*WORK TO BE COMPLETED*
Restate word for word the lines below from the one that has "以上示例中仅跟踪大模型调用,还可以对整个" through the one that has "10,5 × 24,5 cm", keeping both and dropping all pictures.

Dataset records
===============

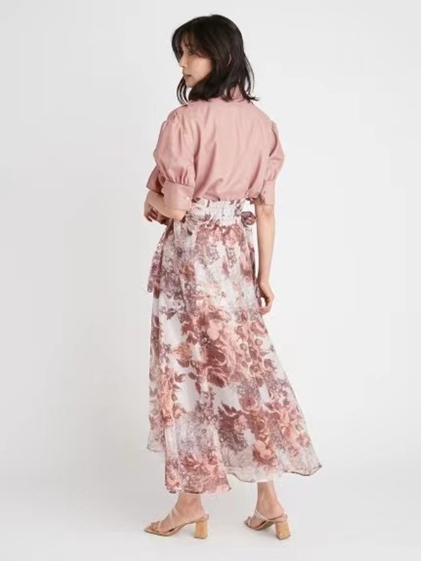 シャツ地風の滑らかで落ち感のあるポリエステル素材を使用しました。優しいニュアンスのライトピンク、春ムード薫るピンク、トレンドライクなストライプの3色展開です。
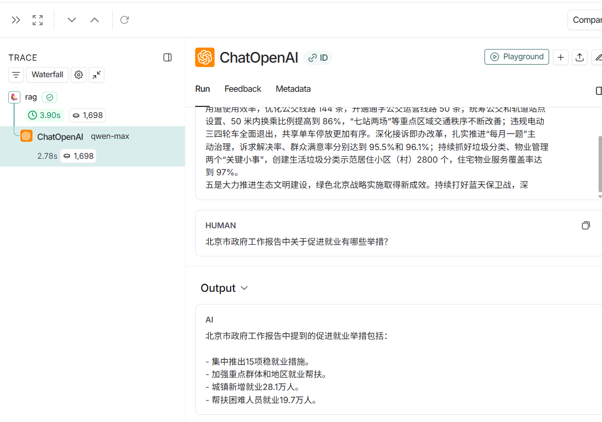 以上示例中仅跟踪大模型调用,还可以对整个应用进行跟踪,此时需要用@traceable对rag方法增加注解:
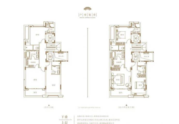 上叠,建面约240㎡,独立入户,首层是独立会客厅和长辈房,二层是三间卧室。
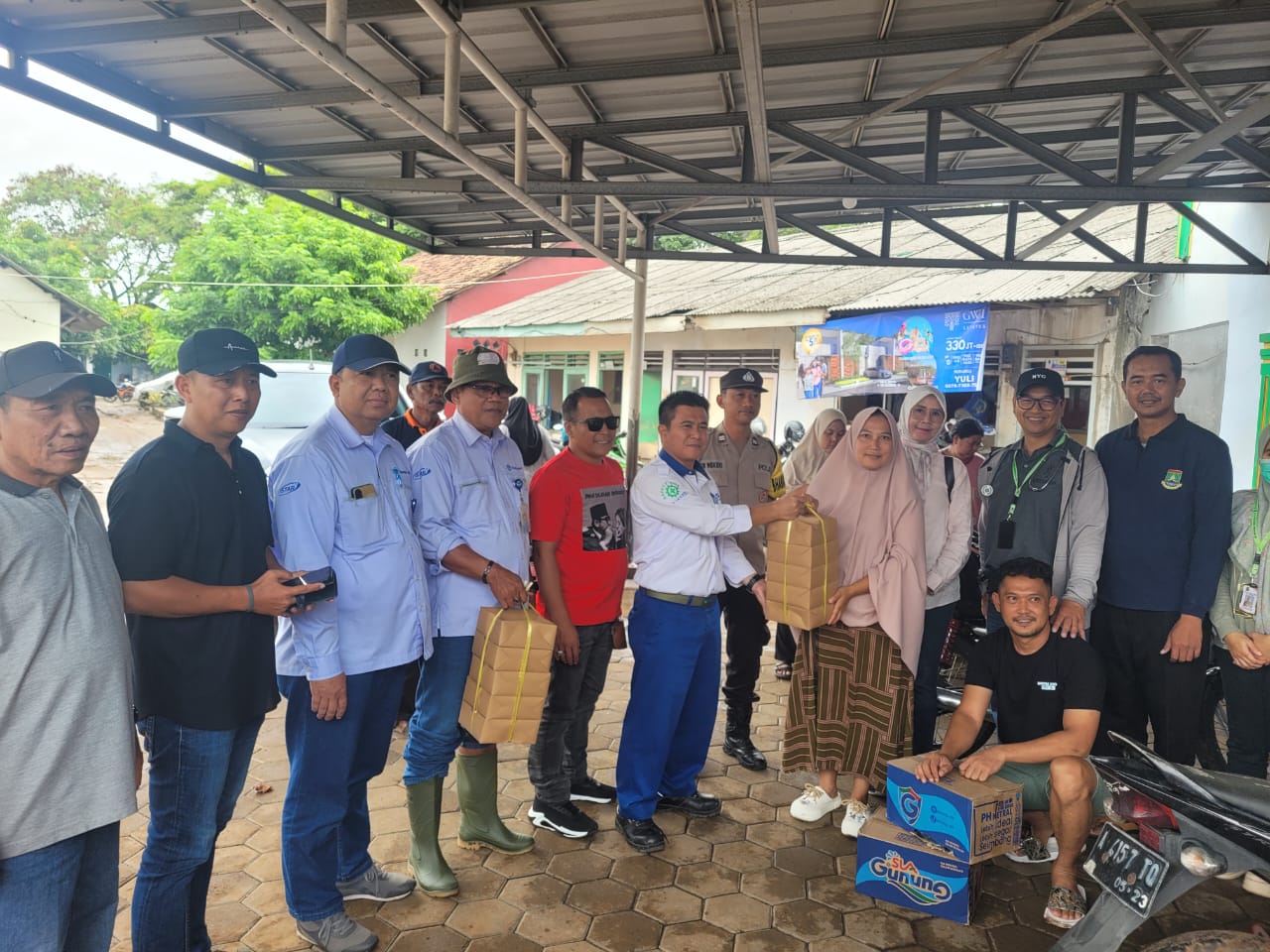 Cilegon - Polres Cilegon melalui Bhabinkamtibmas menghadiri kegiatan pemberian bantuan makanan siap saji di Lingkungan Gambiran, Kel. Gunung Sugih, Ciwandan. Bantuan ini disalurkan oleh FIKS (Forum Industri Kepuh dan Gunung Sugih) dan PT. Kenertec sebanyak 300 Box untuk 62 KK warga terdampak banjir pada Sabtu (03/012026).
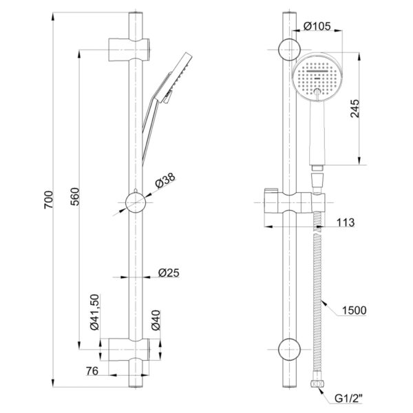 • Dimensiuni duș de mână: 10,5 × 24,5 cm
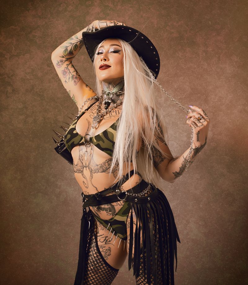 Meet Kruella Kraken, a dynamic and alternative force in the adult entertainment world with over ten years of experience that pushes the boundaries of artistry. This goth queen is known and celebrated for her striking tattoos and unapologetic style, earning her title as a 3x Miss Nude Alberta and Stripperlympics Champion. As a pole dancing champion and a standout performer, Kruella has graced the stages alongside notable acts like Snoop Dogg, Puddle of Mudd, and Falling in Reverse. Her unique talents extend beyond traditional dance; She is also an accomplished fire performer and contortionist, captivating audiences with stunning displays of strength and flexibility. Featured in Inked Magazine and various tattoo publications, Kruella is a proud recipient of the Miss New World Inked title, showcasing her passion for both performance and art. Whether in a cemetery or under the spotlight, Kruella continues to redefine the art of performance.
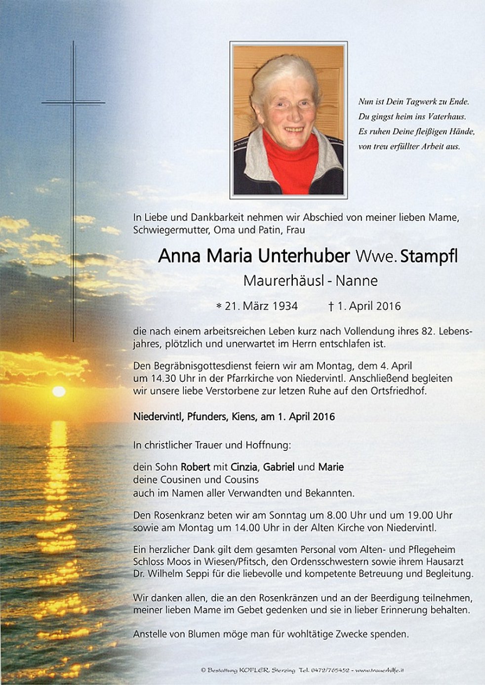 Den Begräbnisgottesdienst feiern wir am Montag, dem 4. April um 14.30 Uhr in der Pfarrkirche von Niedervintl. Anschließend begleiten wir unsere liebe Verstorbene zur letzen Ruhe auf den Ortsfriedhof.
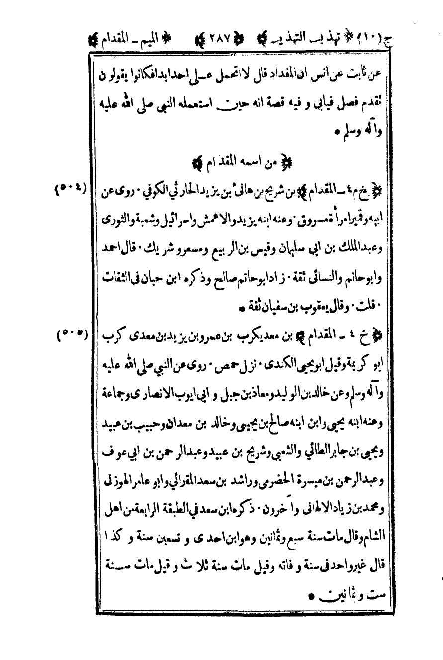 505- "خ 4 – المقدام" بن معد يكرب بن عمرو بن يزيد بن معدي كرب أبو كريمة وقيل أبو يحيى الكندي نزل حمص روى عن النبي صلى الله عليه وسلم وعن خالد بن الوليد ومعاذ بن جبل وأبي أيوب الأنصاري وجماعة وعنه ابنه يحيى وابن أبنه صالح بن يحيى وخالد بن معدان وحبيب بن عبيد ويحيى بن جابر الطائي والشعبي وشريح بن عبيد وعبد الرحمن بن أبي عوف وعبد الرحمن بن ميسرة الحضرمي وراشد بن سعد المقرائي وأبو عامر الهوزني ومحمد بن زياد الألهاني وأخرون ذكره بن سعد في الطبقة الرابعة من أهل الشام وقال مات سنة سبع وثمانين وهو بن إحدى وتسعين سنة وكذا قال غير واحد في سنة وفاته وقيل مات سنة ثلاث وقيل مات سنة ست وثمانين.
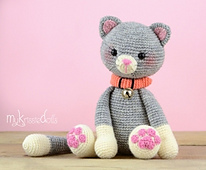 Poesje Mauw is met sokkenwol gehaakt en wordt zittend dan ongeveer 18 cm hoog. Wanneer je haar met katoen haakt wordt ze ongeveer 24 cm hoog.

===============

*YOUR SOLUTION*
 以上示例中仅跟踪大模型调用,还可以对整个应用进行跟踪,此时需要用@traceable对rag方法增加注解:
 上叠,建面约240㎡,独立入户,首层是独立会客厅和长辈房,二层是三间卧室。
 Cilegon - Polres Cilegon melalui Bhabinkamtibmas menghadiri kegiatan pemberian bantuan makanan siap saji di Lingkungan Gambiran, Kel. Gunung Sugih, Ciwandan. Bantuan ini disalurkan oleh FIKS (Forum Industri Kepuh dan Gunung Sugih) dan PT. Kenertec sebanyak 300 Box untuk 62 KK warga terdampak banjir pada Sabtu (03/012026).
 • Dimensiuni duș de mână: 10,5 × 24,5 cm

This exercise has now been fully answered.